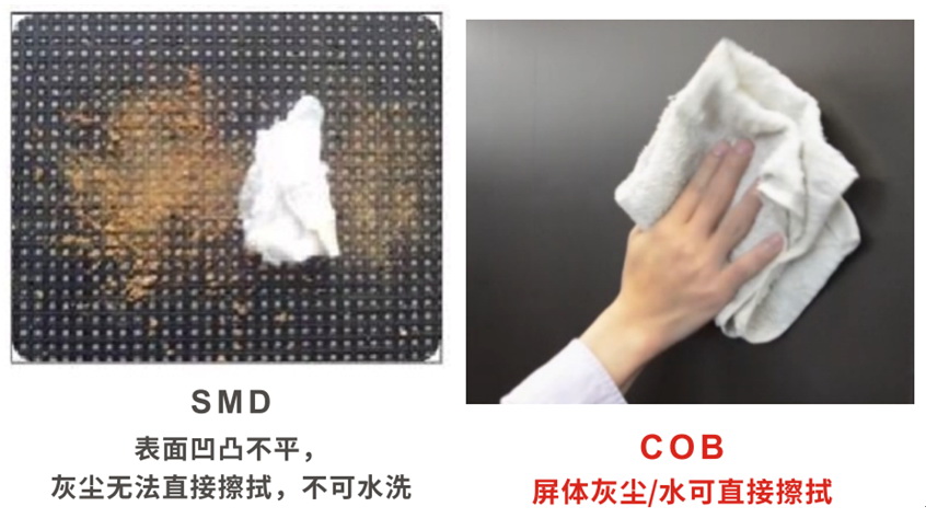 COB小間距LED屏能滿足使用環(huán)境要求。COB顯示屏無燈腳裸露等問題,表面平滑無縫隙,具有防潮、防塵、防腐蝕、防靜電、防磕碰、耐磨等優(yōu)良性能,能防止從各個方向飛濺而來的水侵入。COB顯示屏表面易清潔,可有效避免氣溶膠、灰塵等有害物質(zhì)沉積。在對屏幕清潔過程中無需關(guān)屏,保證屏幕24小時無間斷運(yùn)行。
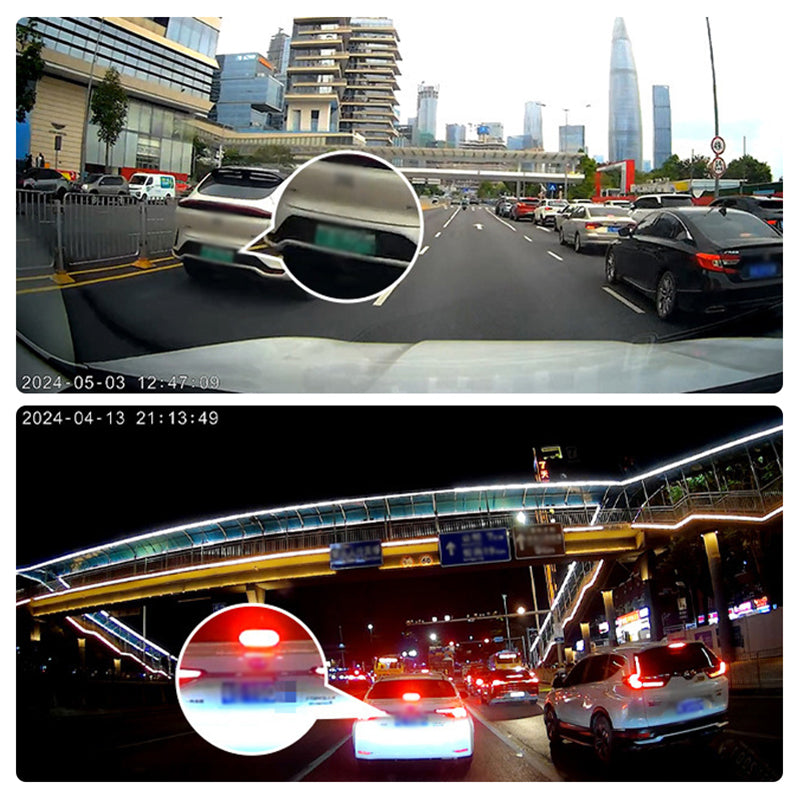 MODE STATIONNEMENT 24H/24 ET 7J/7 ET VISION NOCTURNE AMÉLIORÉE : Garantissez une sécurité 24h/24 grâce à l'enregistrement 24h/24. La caméra embarquée passe en mode basse consommation lorsque la tension est faible, tandis que la vision nocturne améliorée capture des images claires dans des conditions de faible luminosité, de jour comme de nuit.
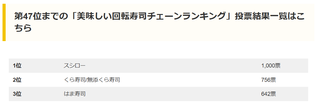 2024年に約8700人から取ったアンケートによる、美味しい回転寿司チェーンランキングの結果は下記です。
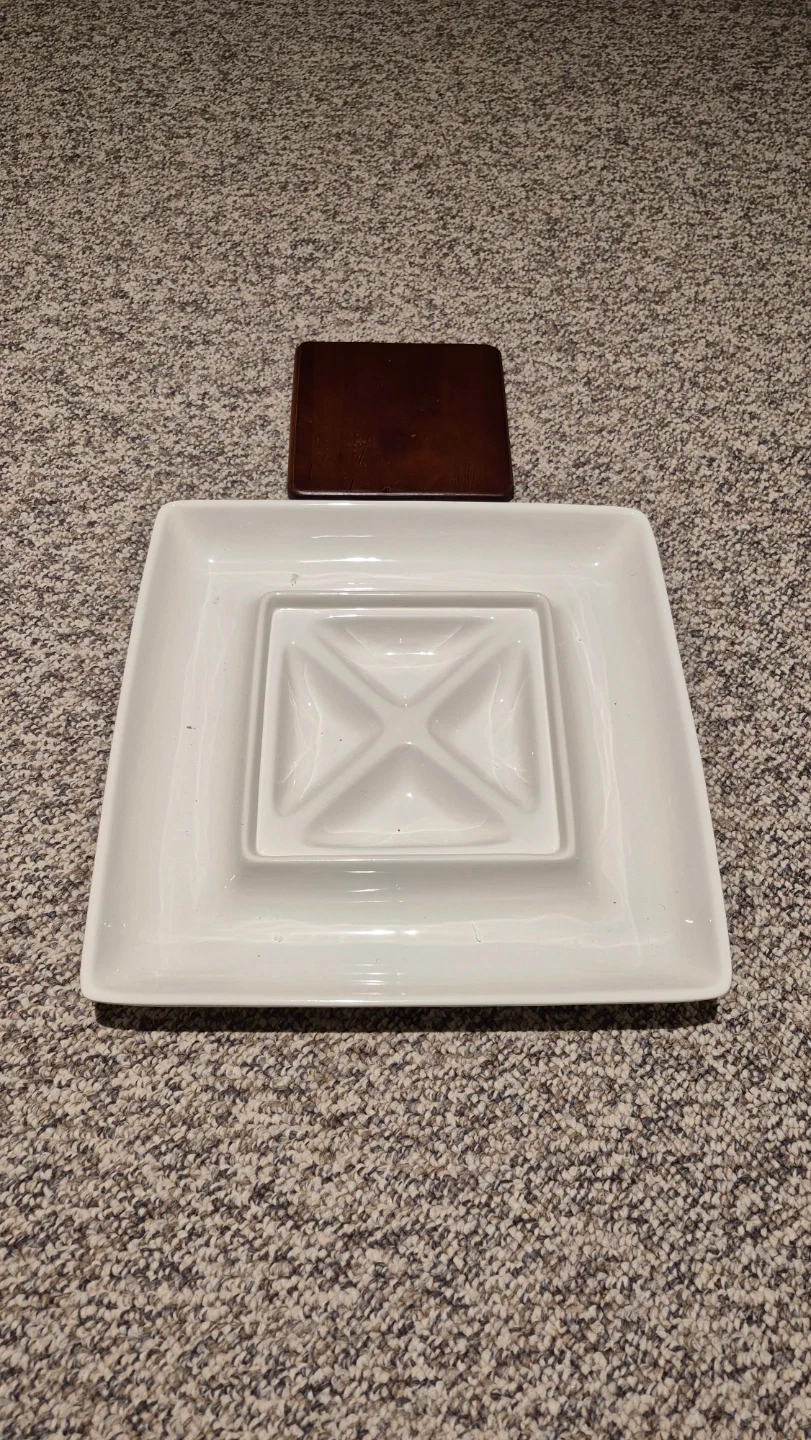 This is a 2-in-1 cheese board and tidbit platter from the Mendoza Collection by Joshua Maxwell Studio. It's made of white ceramic with a wooden inlay for serving. This platter is useful for serving cheese, crackers, or other appetizers.

***

■ WHAT IS REQUIRED
Print, exactly as written, the lines above from the first one to the one containing "2024年に約8700人から". Leave out pictures.

■ ANSWER SPACE
 COB小間距LED屏能滿足使用環(huán)境要求。COB顯示屏無燈腳裸露等問題,表面平滑無縫隙,具有防潮、防塵、防腐蝕、防靜電、防磕碰、耐磨等優(yōu)良性能,能防止從各個方向飛濺而來的水侵入。COB顯示屏表面易清潔,可有效避免氣溶膠、灰塵等有害物質(zhì)沉積。在對屏幕清潔過程中無需關(guān)屏,保證屏幕24小時無間斷運(yùn)行。
 MODE STATIONNEMENT 24H/24 ET 7J/7 ET VISION NOCTURNE AMÉLIORÉE : Garantissez une sécurité 24h/24 grâce à l'enregistrement 24h/24. La caméra embarquée passe en mode basse consommation lorsque la tension est faible, tandis que la vision nocturne améliorée capture des images claires dans des conditions de faible luminosité, de jour comme de nuit.
 2024年に約8700人から取ったアンケートによる、美味しい回転寿司チェーンランキングの結果は下記です。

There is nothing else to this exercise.